* [ASSIGNMENT] Copy out the whole listing exactly as written, leaving the pictures behind.

**** RECORDS FOR THIS TASK

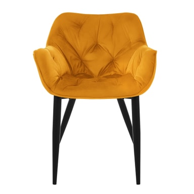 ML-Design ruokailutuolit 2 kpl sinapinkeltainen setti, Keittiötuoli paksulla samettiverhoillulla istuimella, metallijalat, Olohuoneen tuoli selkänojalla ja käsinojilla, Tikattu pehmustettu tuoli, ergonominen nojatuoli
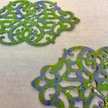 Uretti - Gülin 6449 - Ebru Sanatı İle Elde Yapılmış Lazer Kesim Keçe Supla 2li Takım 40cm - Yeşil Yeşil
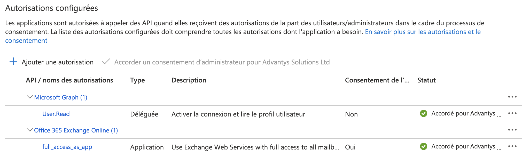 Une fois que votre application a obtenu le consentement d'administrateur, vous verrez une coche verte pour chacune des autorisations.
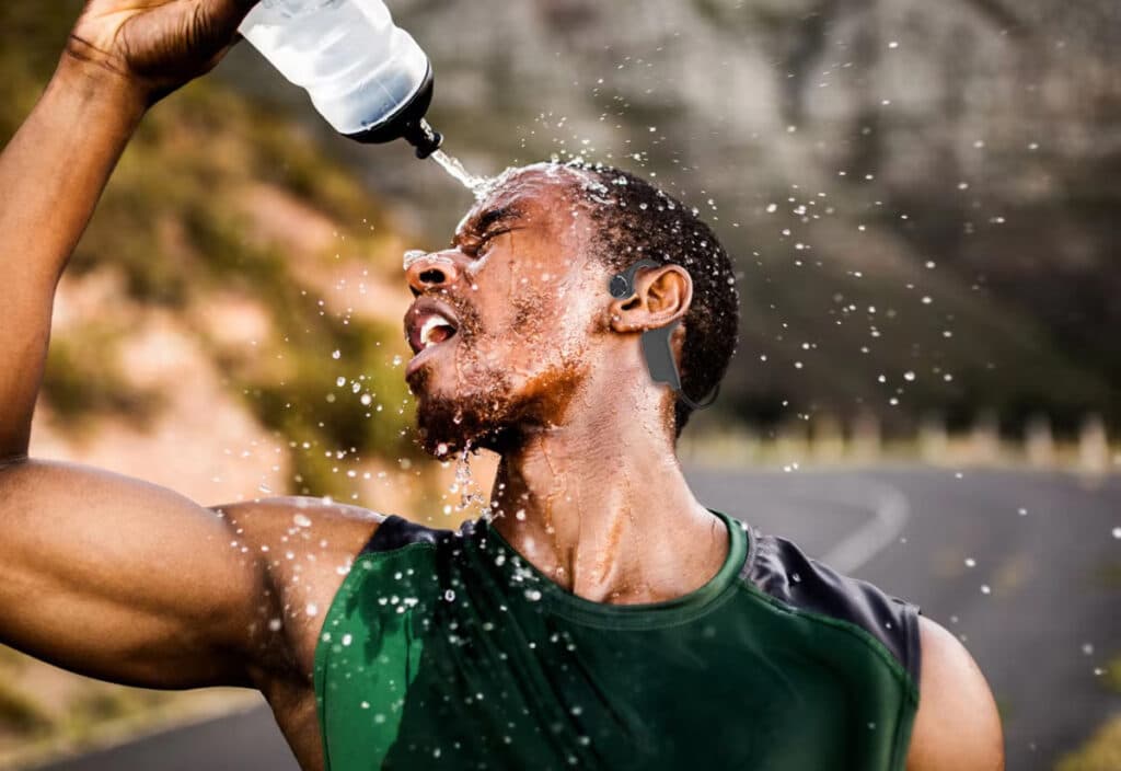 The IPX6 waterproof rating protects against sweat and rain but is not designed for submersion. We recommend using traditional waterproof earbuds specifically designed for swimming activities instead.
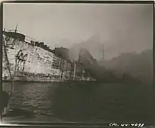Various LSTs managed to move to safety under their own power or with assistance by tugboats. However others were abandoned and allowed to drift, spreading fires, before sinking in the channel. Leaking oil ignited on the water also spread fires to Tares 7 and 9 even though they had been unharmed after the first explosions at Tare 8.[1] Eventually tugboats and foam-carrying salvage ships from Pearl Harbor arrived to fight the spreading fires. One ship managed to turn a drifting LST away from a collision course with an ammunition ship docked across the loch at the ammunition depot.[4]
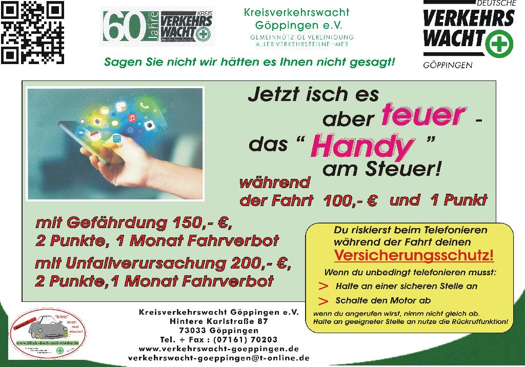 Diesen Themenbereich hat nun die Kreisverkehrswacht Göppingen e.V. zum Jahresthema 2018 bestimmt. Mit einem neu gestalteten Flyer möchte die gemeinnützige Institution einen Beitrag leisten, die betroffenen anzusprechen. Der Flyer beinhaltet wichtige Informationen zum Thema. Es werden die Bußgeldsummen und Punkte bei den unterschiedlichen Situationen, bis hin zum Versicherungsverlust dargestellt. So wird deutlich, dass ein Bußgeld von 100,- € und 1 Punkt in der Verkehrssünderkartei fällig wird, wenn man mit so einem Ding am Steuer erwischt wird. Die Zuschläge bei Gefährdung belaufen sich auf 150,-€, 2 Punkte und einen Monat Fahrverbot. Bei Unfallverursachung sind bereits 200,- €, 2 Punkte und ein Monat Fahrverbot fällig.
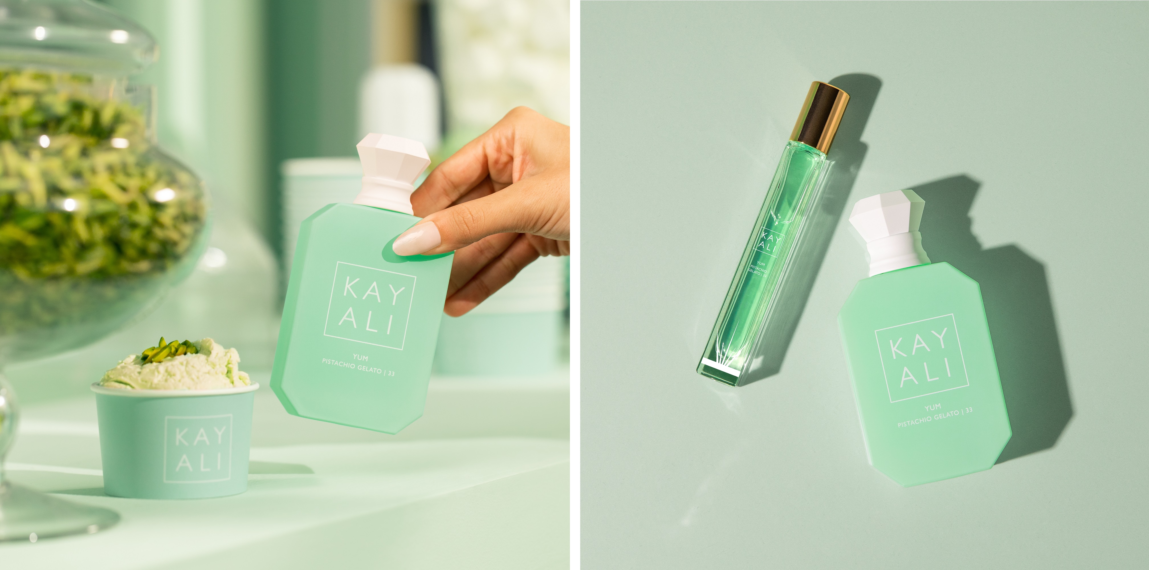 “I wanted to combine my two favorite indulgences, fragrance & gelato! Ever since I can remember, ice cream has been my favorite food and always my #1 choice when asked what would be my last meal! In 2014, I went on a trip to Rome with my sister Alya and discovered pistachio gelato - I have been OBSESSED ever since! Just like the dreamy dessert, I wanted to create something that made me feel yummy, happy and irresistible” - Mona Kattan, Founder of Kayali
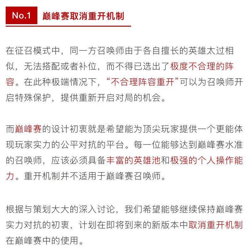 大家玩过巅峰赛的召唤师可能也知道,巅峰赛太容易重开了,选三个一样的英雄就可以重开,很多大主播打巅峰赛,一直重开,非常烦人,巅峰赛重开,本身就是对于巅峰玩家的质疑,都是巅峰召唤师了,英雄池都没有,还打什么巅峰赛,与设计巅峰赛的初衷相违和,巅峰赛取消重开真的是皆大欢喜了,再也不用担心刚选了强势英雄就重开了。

********

* [THE ANSWER]
 ML-Design ruokailutuolit 2 kpl sinapinkeltainen setti, Keittiötuoli paksulla samettiverhoillulla istuimella, metallijalat, Olohuoneen tuoli selkänojalla ja käsinojilla, Tikattu pehmustettu tuoli, ergonominen nojatuoli
 Uretti - Gülin 6449 - Ebru Sanatı İle Elde Yapılmış Lazer Kesim Keçe Supla 2li Takım 40cm - Yeşil Yeşil
 Une fois que votre application a obtenu le consentement d'administrateur, vous verrez une coche verte pour chacune des autorisations.
 The IPX6 waterproof rating protects against sweat and rain but is not designed for submersion. We recommend using traditional waterproof earbuds specifically designed for swimming activities instead.
Various LSTs managed to move to safety under their own power or with assistance by tugboats. However others were abandoned and allowed to drift, spreading fires, before sinking in the channel. Leaking oil ignited on the water also spread fires to Tares 7 and 9 even though they had been unharmed after the first explosions at Tare 8.[1] Eventually tugboats and foam-carrying salvage ships from Pearl Harbor arrived to fight the spreading fires. One ship managed to turn a drifting LST away from a collision course with an ammunition ship docked across the loch at the ammunition depot.[4]
 Diesen Themenbereich hat nun die Kreisverkehrswacht Göppingen e.V. zum Jahresthema 2018 bestimmt. Mit einem neu gestalteten Flyer möchte die gemeinnützige Institution einen Beitrag leisten, die betroffenen anzusprechen. Der Flyer beinhaltet wichtige Informationen zum Thema. Es werden die Bußgeldsummen und Punkte bei den unterschiedlichen Situationen, bis hin zum Versicherungsverlust dargestellt. So wird deutlich, dass ein Bußgeld von 100,- € und 1 Punkt in der Verkehrssünderkartei fällig wird, wenn man mit so einem Ding am Steuer erwischt wird. Die Zuschläge bei Gefährdung belaufen sich auf 150,-€, 2 Punkte und einen Monat Fahrverbot. Bei Unfallverursachung sind bereits 200,- €, 2 Punkte und ein Monat Fahrverbot fällig.
 “I wanted to combine my two favorite indulgences, fragrance & gelato! Ever since I can remember, ice cream has been my favorite food and always my #1 choice when asked what would be my last meal! In 2014, I went on a trip to Rome with my sister Alya and discovered pistachio gelato - I have been OBSESSED ever since! Just like the dreamy dessert, I wanted to create something that made me feel yummy, happy and irresistible” - Mona Kattan, Founder of Kayali
 大家玩过巅峰赛的召唤师可能也知道,巅峰赛太容易重开了,选三个一样的英雄就可以重开,很多大主播打巅峰赛,一直重开,非常烦人,巅峰赛重开,本身就是对于巅峰玩家的质疑,都是巅峰召唤师了,英雄池都没有,还打什么巅峰赛,与设计巅峰赛的初衷相违和,巅峰赛取消重开真的是皆大欢喜了,再也不用担心刚选了强势英雄就重开了。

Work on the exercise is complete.